D’autre part, différents documents vous seront remis dont :

  • Une fiche de pré-admission : A présenter complétée le jour de votre rendez-vous avec l’anesthésiste  
  • La chambre particulière ne peut être proposée qu’en fonction des places disponibles.
  • Un  questionnaire médical pour les anesthésistes : nécessité de le remplir avant le rendez-vous et à compléter lors de l’entretien.
  • Un consentement éclairé : A compléter, signer et remettre à l’infirmière le jour de l’hospitalisation.
    Vous serez hospitalisé(e) la veille de l’intervention vers 16 heures à l'hôpital en cas d'hospitalisation classique ou le matin à 7H en cas d'hospitalisation ambulatoire et vous  serez accueilli(e) par le personnel paramédical  
  • Nécessité de faire l’entrée administrative au service des admissions.
  • Montez dans le service où vous serez accueilli(e) par l’infirmière.
  • Remettre à l’infirmière votre dossier d’entrée, le  consentement éclairé, les résultats
    d’examens sanguins et morphologiques.
  • Visite des chirurgiens et des anesthésistes.
  • Douche antiseptique (entretien avec l'aide soignante).
  • Repas le soir, puis à jeun à partir de minuit.
  • Bloc opératoire le lendemain dans la journée.
    L’intervention de chirurgie proctologique dure environ 1/2  heure à une heure.
    En post opératoire, vous serez réveillé(e) en salle de réveil, puis secondairement transféré(e) dans votre chambre.
    Le soir de l’intervention, vous serez revu(e) par un chirurgien de l’équipe qui vérifiera votre état clinique et la bonne prescription des médicaments (antalgiques…).
    En hospitalisation ambulatoire la sortie est autorisé après visite de l'anesthésiste et du chirurgien en l'absence de complication.
    En fonction de l’heure de passage, il vous sera proposé de l’eau, un repas ou vous devrez rester à jeun.
    Le lendemain de l’intervention, en l’absence de douleurs, vous serez déperfusé(e). 
    Un traitement antalgique par la bouche vous sera proposé, associé à des laxatifs et reprise du traitement antérieur.  Réalimentation progressive. En cas d’absence de douleurs importantes et de contre indication, il vous sera proposé une sortie.  La sortie reste déterminée par le chirurgien. Vous quitterez l'hôpital, en fin de matinée, muni(e)
  • d'ordonnances d’antalgiques et de laxatifs,
  • Un rendez-vous avec le chirurgien vous sera notifié.
  • Un arrêt de travail éventuel.
    Il sera nécessaire de revoir votre médecin traitant secondairement.
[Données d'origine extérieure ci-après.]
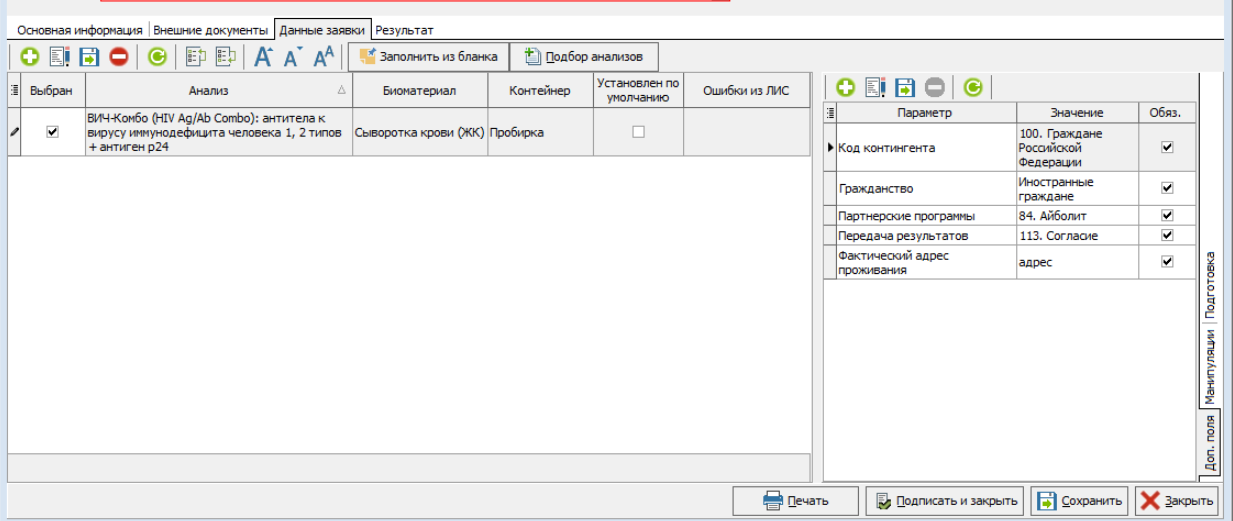 В каждой заявке необходимо проверить корректность заполненных данных, например, проверить выбор биоматериала, контейнера, заполнение кода пробирки если требуется в рамках конкретной интеграции и т.п. Если рабочее место оборудовано принтером этикеток, из заявки можно распечатать этикетки для размещения на контейнере с биоматериалом (Рисунок 10).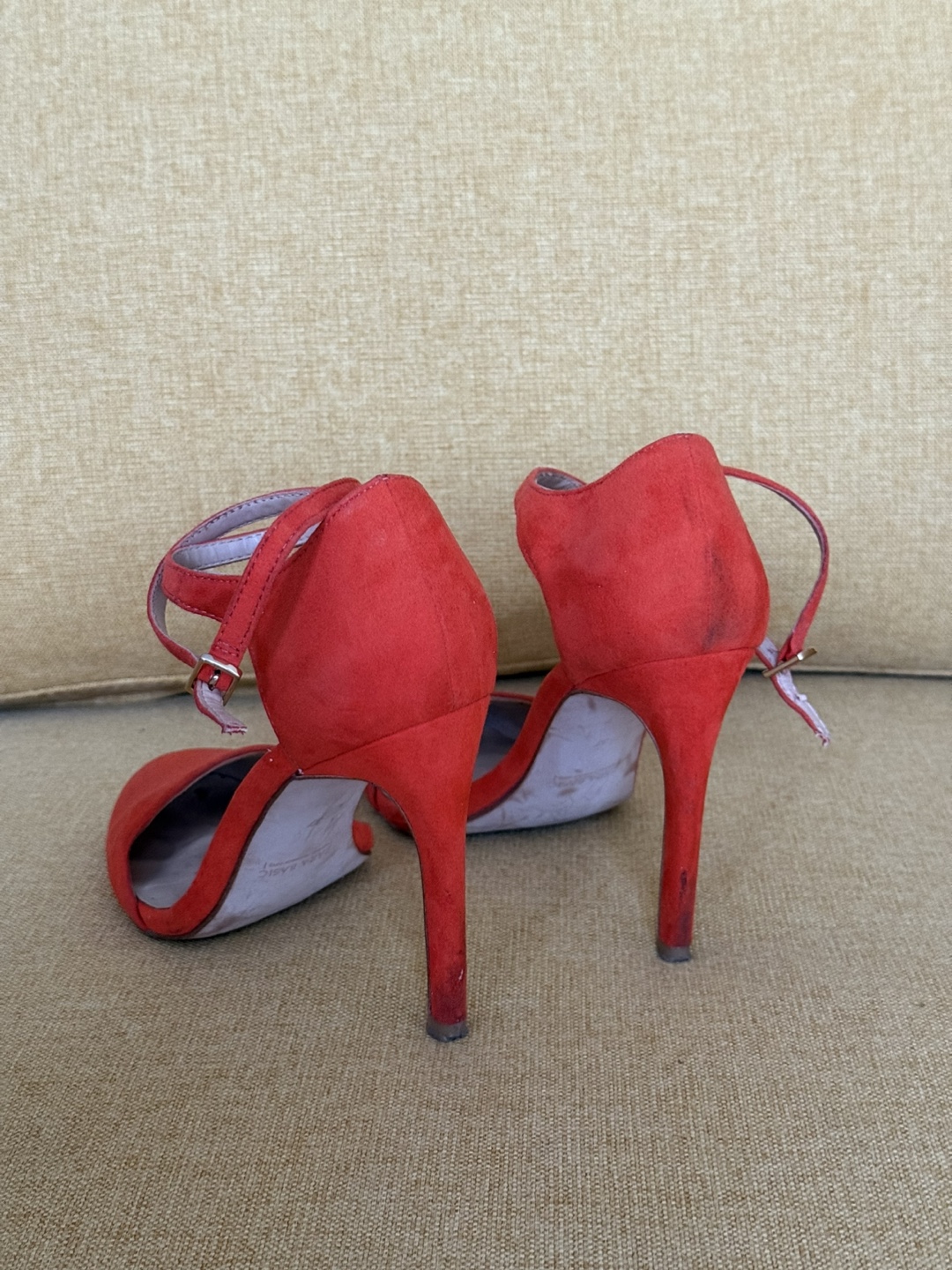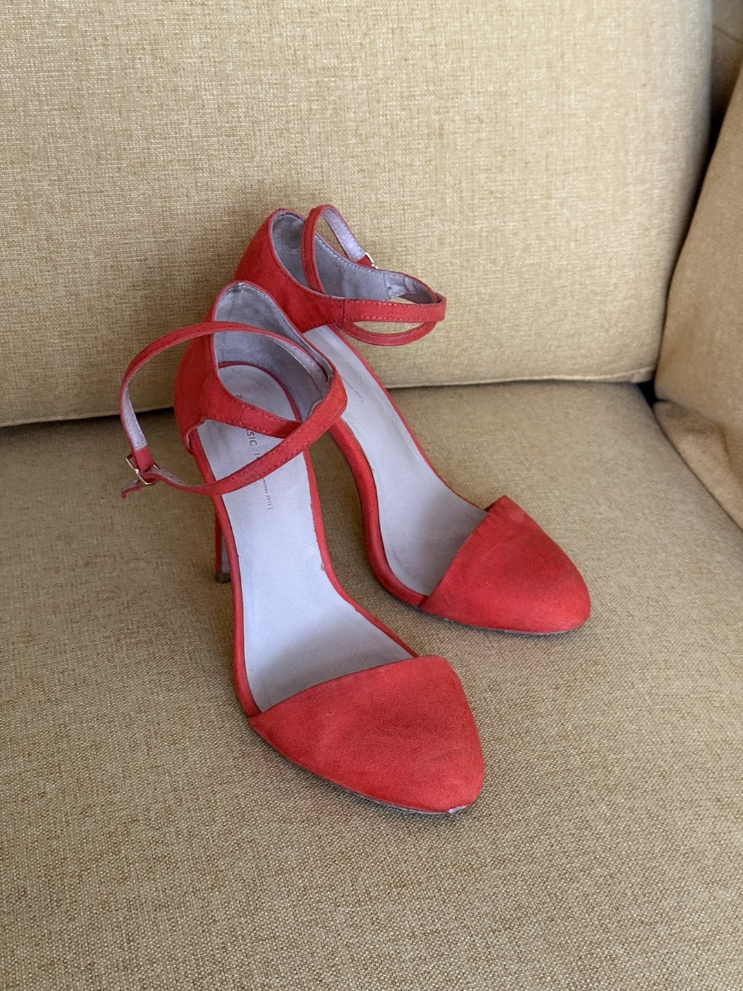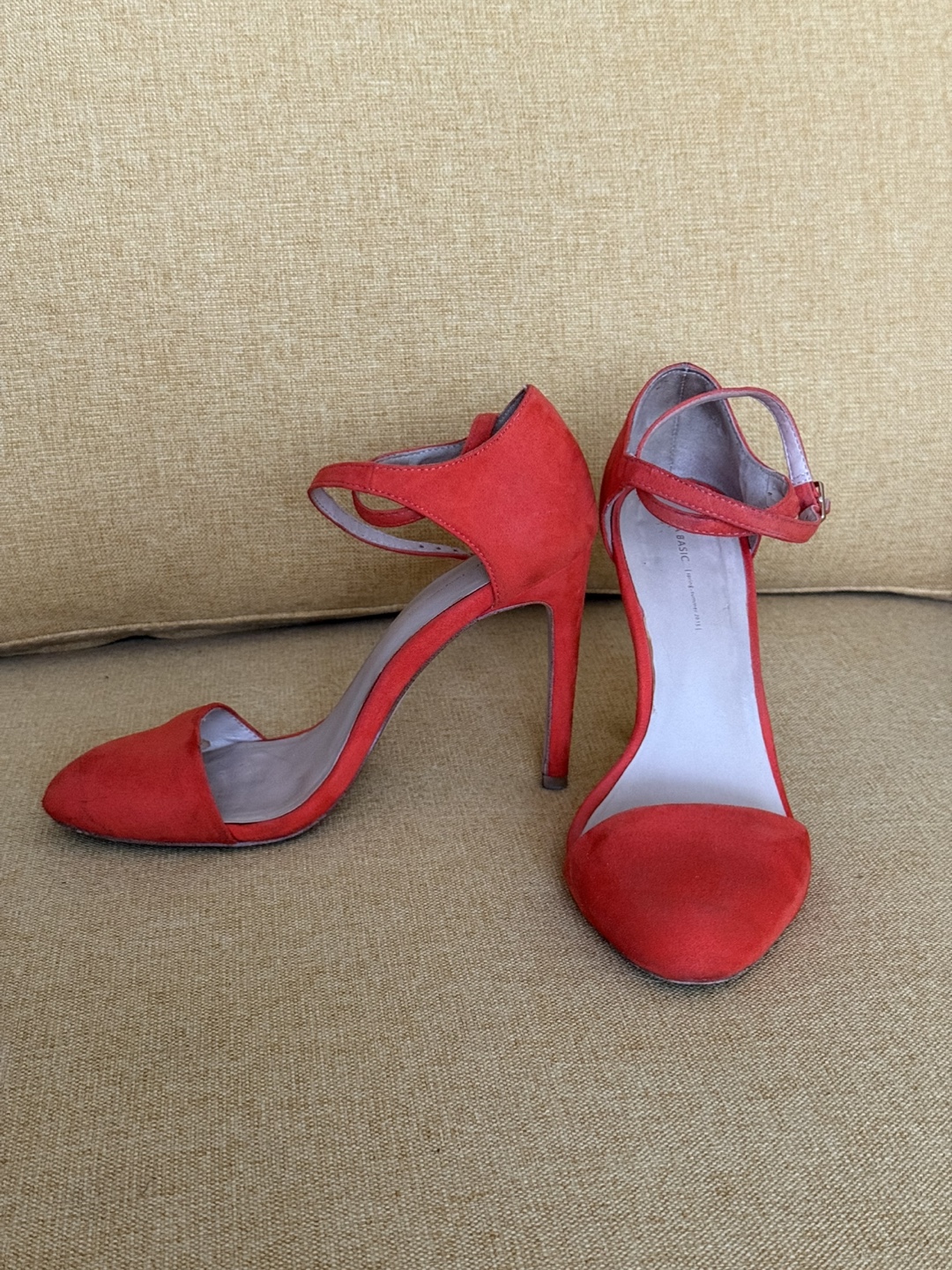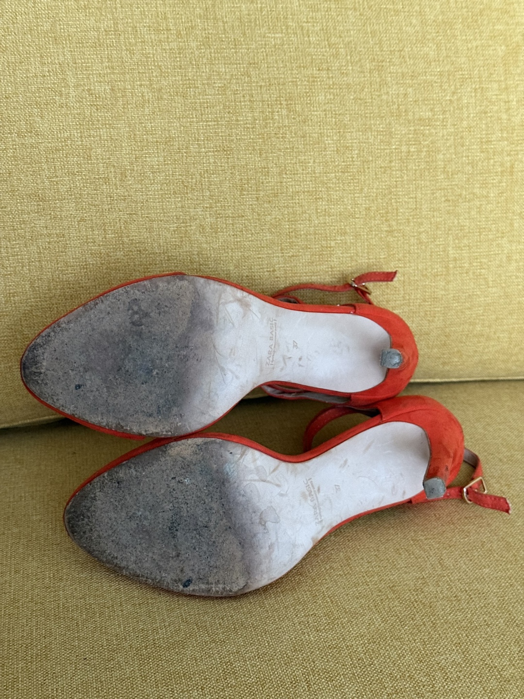 1 / 41 / 4Buy & SellZara orange Suede HeelsZara orange Suede Heels$10Orange suede heels with ankle strap. Size 37. Used. Comfortable heelsConditionOkaySize37BrandZaraWHERE TO MEETMabel’sView MapSELLERverifiedNataliaJunction Area1458 reviews0 chats·0 favorites·18 viewsSEND CHAT TO SELLERHi Natalia! I’m interested in your listing.Hi Natalia! I’m interested in your listing.Get the Karrot app to chatSign In to chat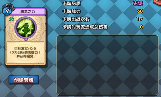 使用技巧:加给不老树等防御较高的卡,或者蓄力射手等高buff收益卡。因为腾龙之力的判定优先级很高,所以不用担心别人在你之前把你要加腾龙buff的卡解掉。
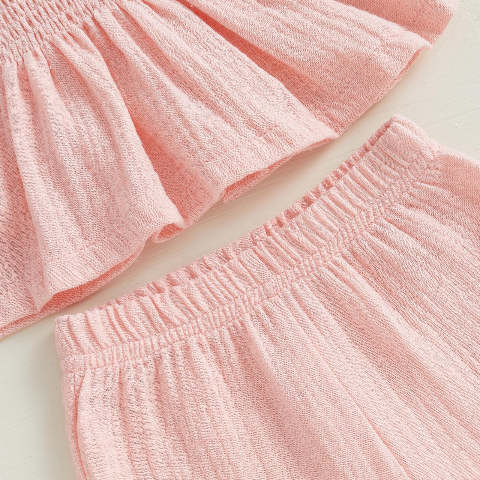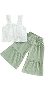 • CASUAL DESIGN--- Solid color, baby girl camisole top with sleeveless, bandage straps and ruffle hem design. Baby pants are designed with elastic waist for easy fit, your little girl will love such a cute outfit!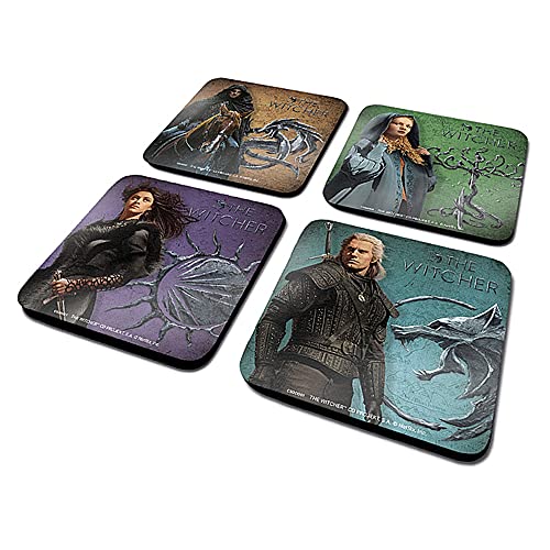 The Witcher uppsättning av 4 dryckesunderlägg (legendarisk design) - officiell vara

Un exemplaire de votre compte rendu d'hospitalisation sera envoyé aux différents médecins correspondants.


Quand faut-il recontacter votre chirurgien ?       

Outre le contrôle postopératoire, vous devez absolument contacter votre chirurgien directement sur son portable ou l’équipe chirurgicale de l'hôpital, votre médecin traitant ou le service des urgences dans les cas suivants :

  • Fièvre persistante et élevée supérieure à 38.5 °,
  • Frissons,
  • Saignements abondants,
  • Difficultés respiratoires.
  • Douleurs anales insupportables.

A noter, que des saignements et suintements glaireux, au moment ou suite à la défécation ainsi qu’un gonflement de la marge, restent classiques en post opératoire. Ceux-ci persisteront en présence du drain élastique.

 
Pour contacter notre équipe chirurgicale :

  • Soit vous rendre directement aux urgences de 24h/24h (01 34 06 60 00 / 01 34 06 61 16), ou vous serez accueilli(e) par un médecin urgentiste, qui le cas  échéant, pourra contacter  notre équipe chirurgicale de garde.
  • Soit téléphoner au bureau 01 34 06 61 44/ 67 33/ 63 98


 Conseils post-opératoires ?

Le passage de matières fécales sur les plaies ne gênent pas la cicatrisation, mais cette situation nécessite de maintenir la région aussi propre et sèche que possible. Nous vous conseillons une douche quotidienne en lavant l’anus avec un savon gras et non avec un antiseptique et de bien sécher la marge anale ensuite. Une compresse est préconisée pour protéger la culotte, en effet des sécrétions sont constantes. Des douleurs sont transitoires et souvent modérées, facilement contrôlées par les anti- douleurs classiques, anti inflammatoires et laxatifs. La cicatrisation complète demande souvent une durée de 6 à 10 semaines.
Le temps d’arrêt d’activité professionnelle est d’environ 1 à 3 semaines. Il sera discuté en consultation pré opératoire, en tenant compte du cas particulier de chaque patient et de la nature de son travail.